Input material>
• • • •

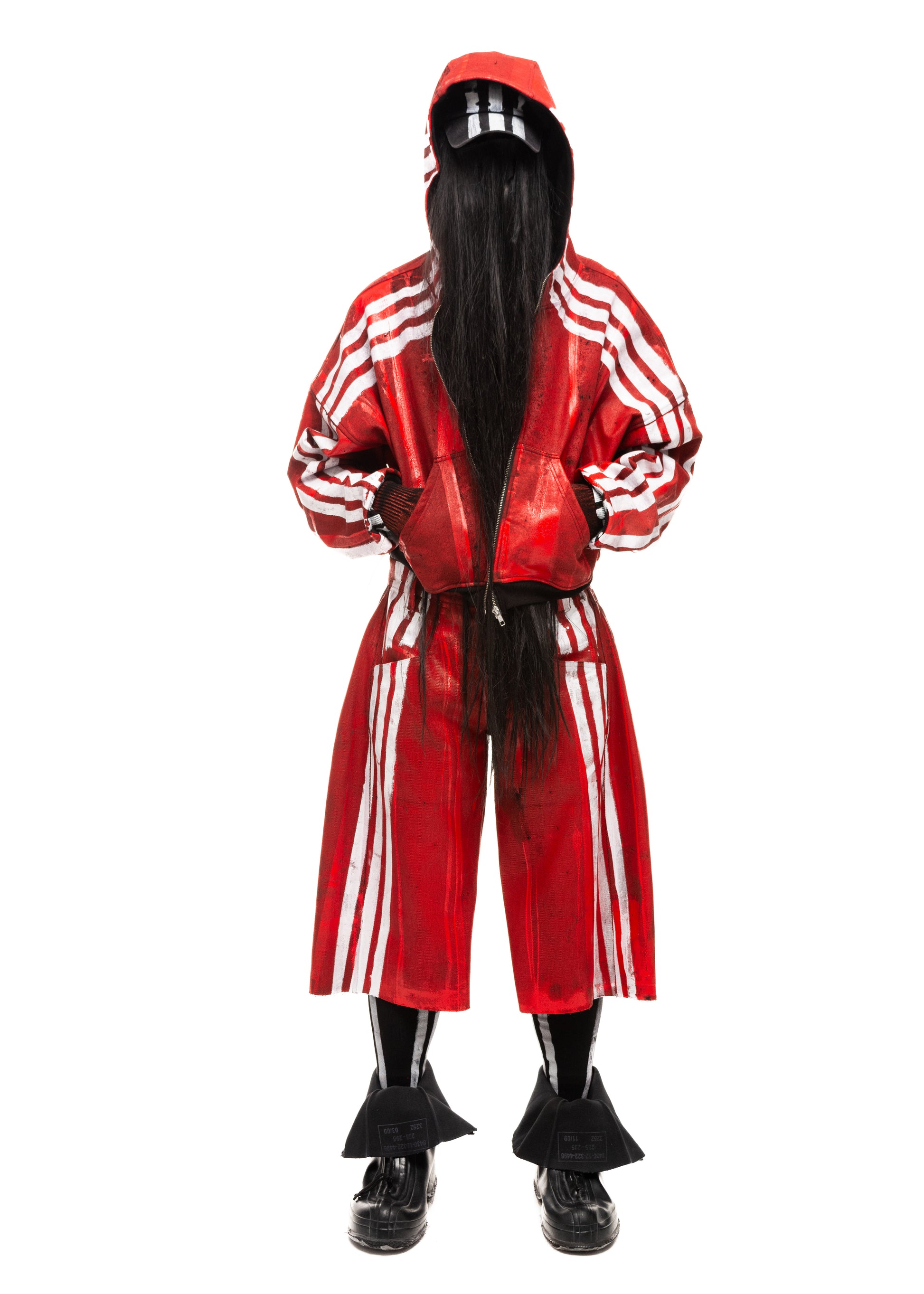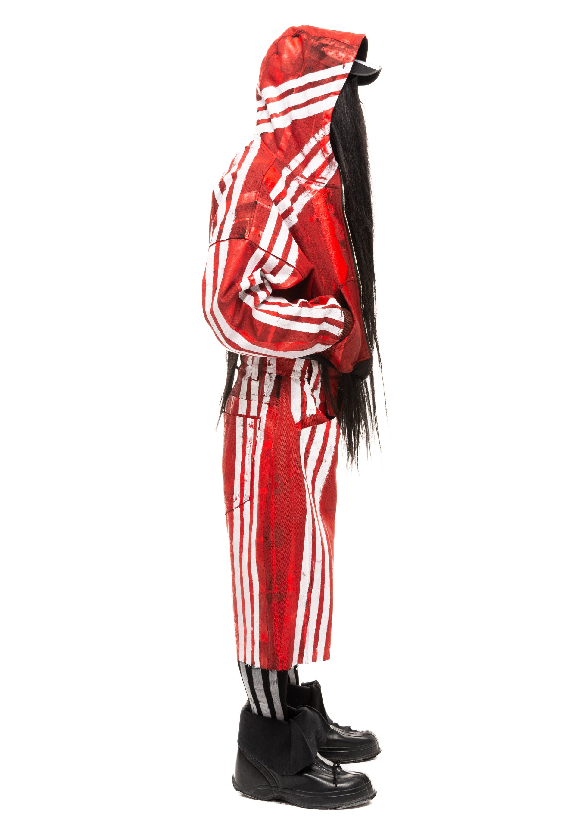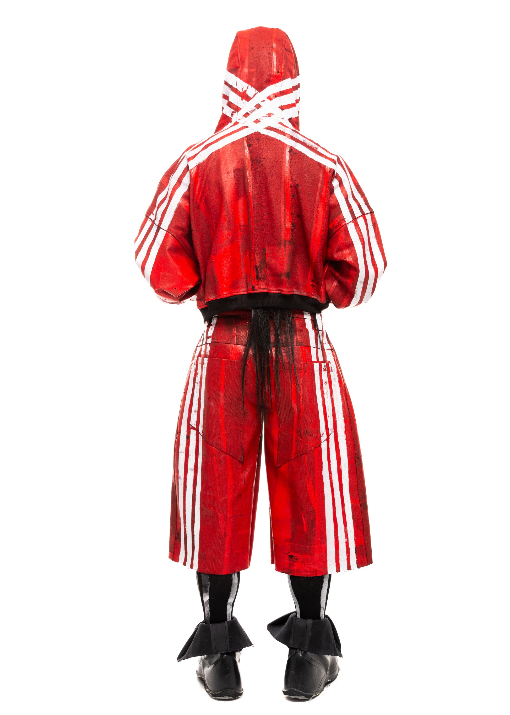 WHITE STRIPES WAXED RED DENIM SHORTS
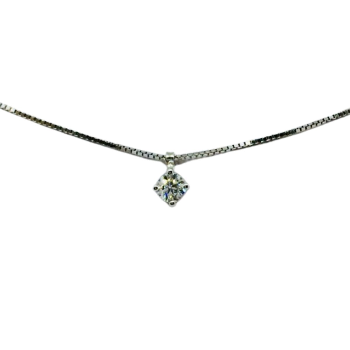 Fabricado em ouro branco 18k rodiado, este colar apresenta um delicado diamante central, refletindo um brilho deslumbrante que destaca a sua simplicidade sofisticada. Cada detalhe desta peça é cuidadosamente elaborado para exaltar a beleza natural e a qualidade superior que define o prestigiado nome Davite & Delucchi.
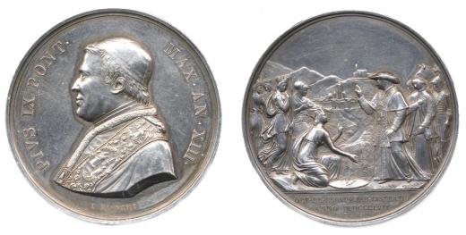 Pius IX.(rok 13), poprsí papeže zleva / alegorická skupina předst avující města a provincie před papežem - 1857 sign.: I. Bianc hi Ag 43,5 mm
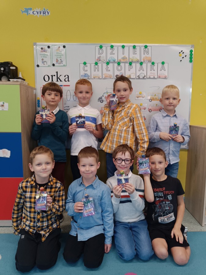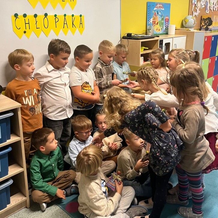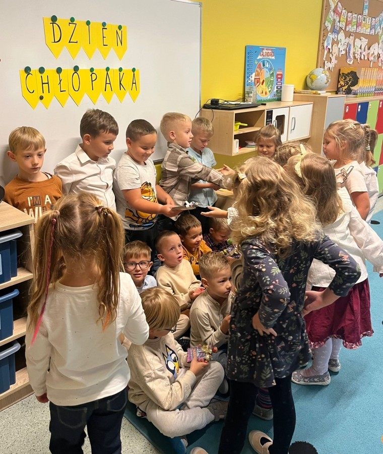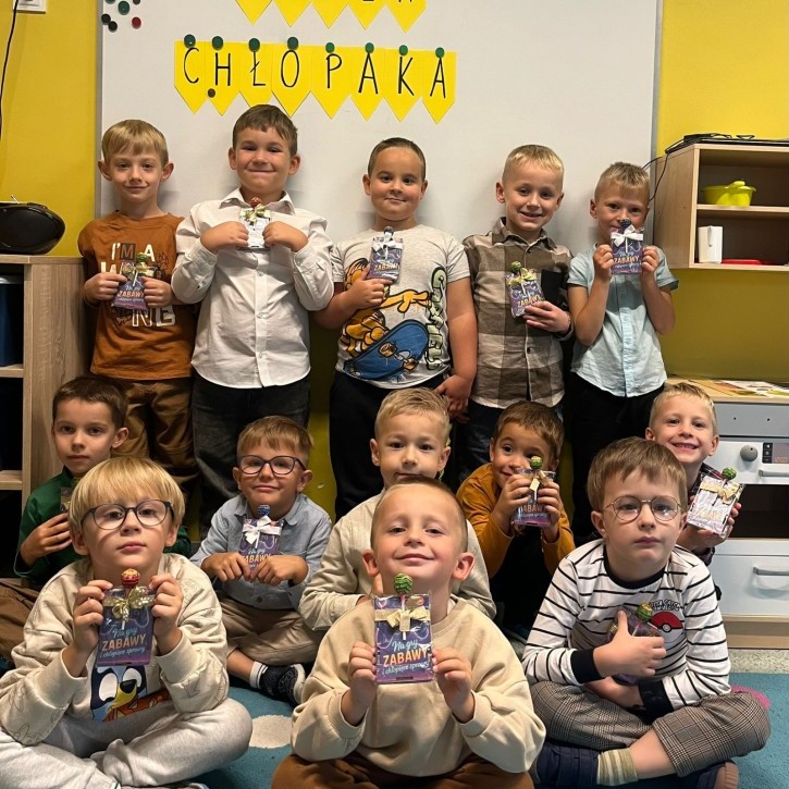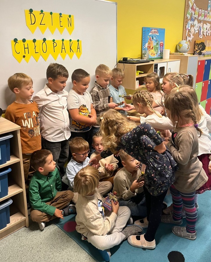 We wtorek, 30 września, nasze przedszkole zamieniło się w prawdziwą krainę niespodzianek - wszystko po to, by uczcić wyjątkowy Dzień Chłopaka! Nasi mali bohaterowie zostali obdarowani uśmiechem, życzeniami i drobnymi upominkami, które wywołały wiele radości. Co najważniejsze - to właśnie dziewczynki, z ogromnym zaangażowaniem i serdecznością, wręczyły kolegom przygotowane niespodzianki, sprawiając im tym mnóstwo przyjemności. Nie zabrakło wspólnych zabaw, tańców i kreatywnych aktywności, które pozwoliły dzieciom poczuć się naprawdę wyjątkowo.
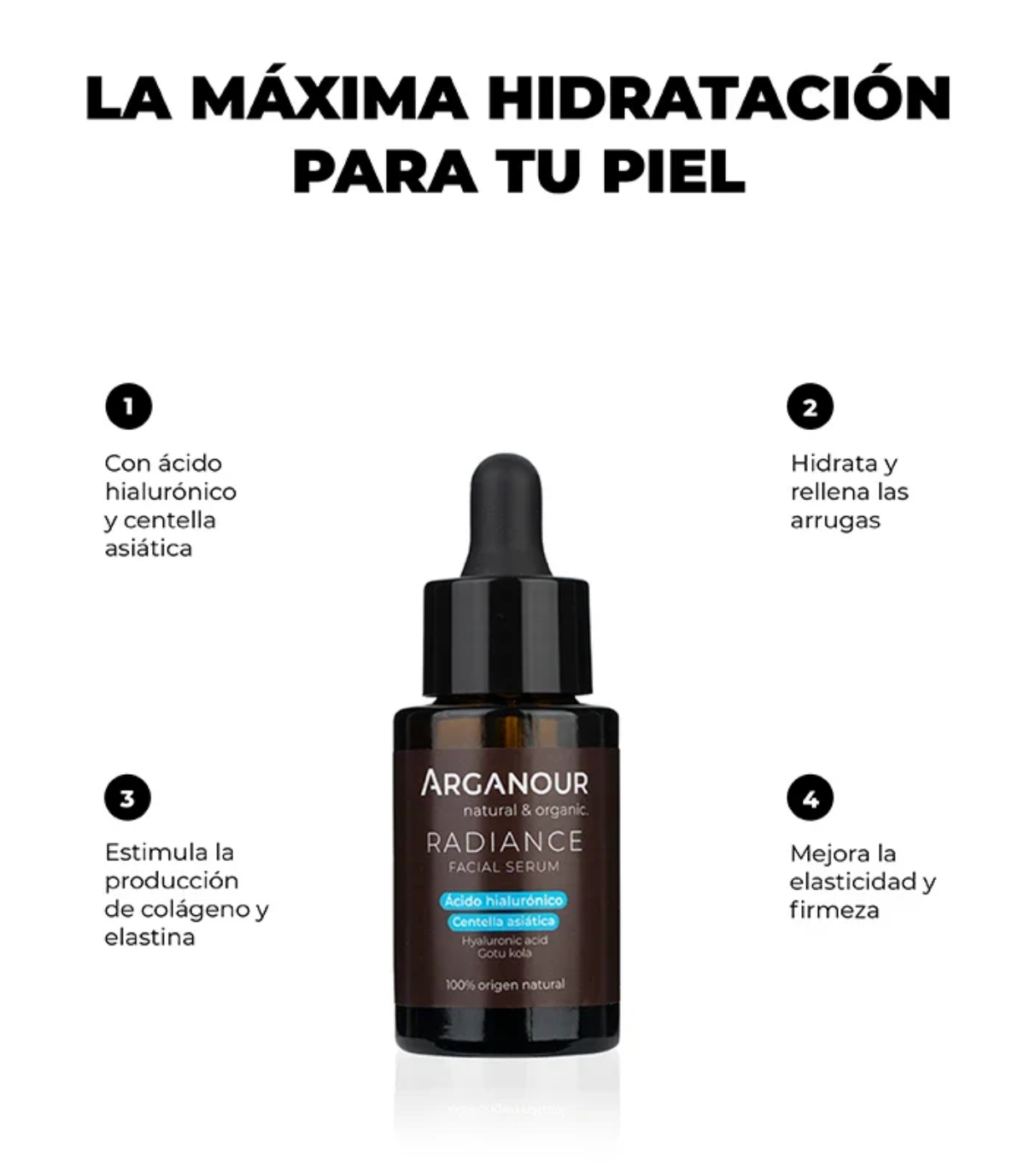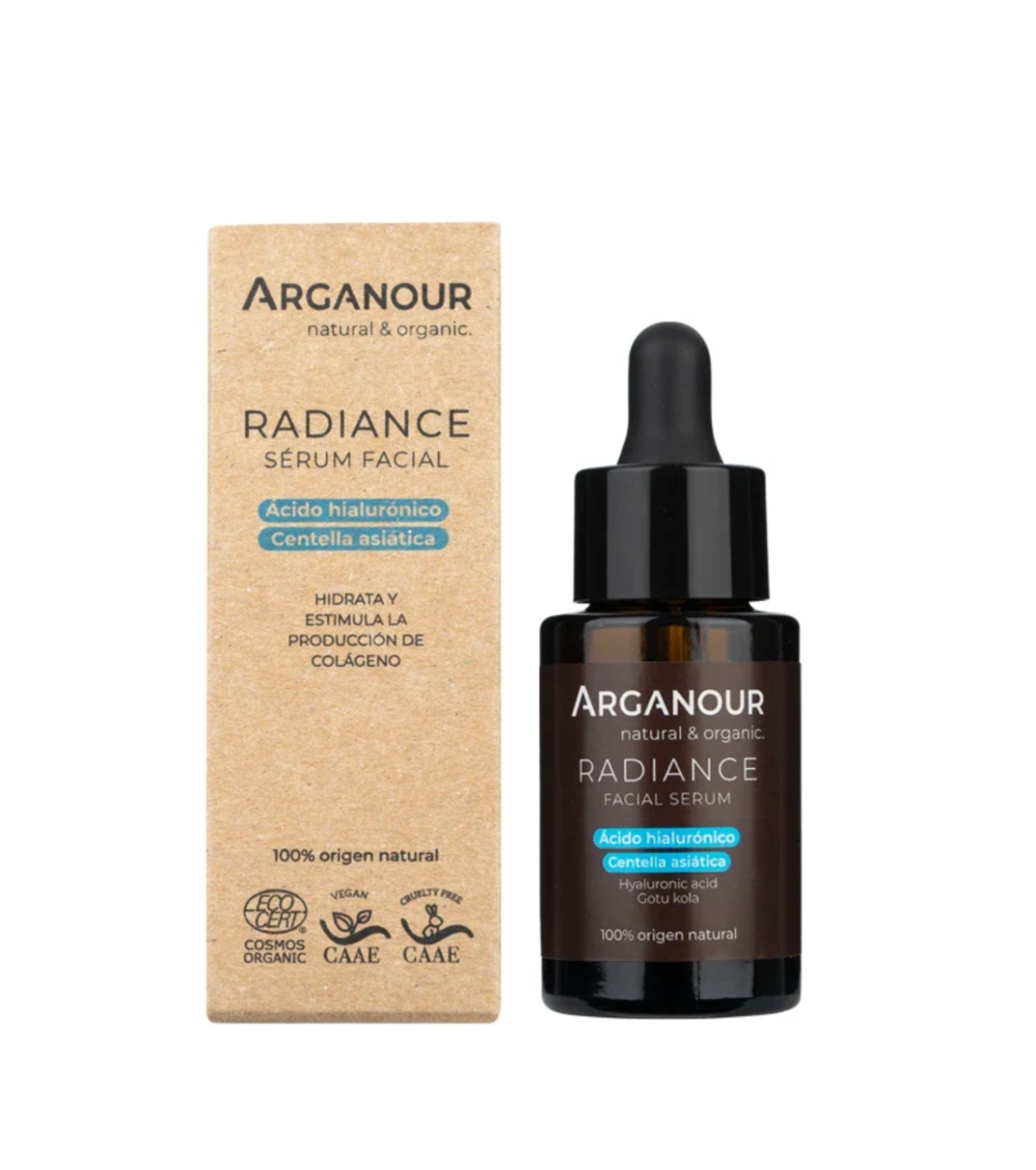 Holen Sie sich einen jünger aussehenden Teint mit Arganours 100 % natürlichem Radiance-Gesichtsserum aus Hyaluronsäure und Centella Asiatica .

• • • •

Exercise> Exactly the lines from the top of the listing through the line with "Fabricado em ouro", and no pictures, should be printed.

Answer box>
 WHITE STRIPES WAXED RED DENIM SHORTS
 Fabricado em ouro branco 18k rodiado, este colar apresenta um delicado diamante central, refletindo um brilho deslumbrante que destaca a sua simplicidade sofisticada. Cada detalhe desta peça é cuidadosamente elaborado para exaltar a beleza natural e a qualidade superior que define o prestigiado nome Davite & Delucchi.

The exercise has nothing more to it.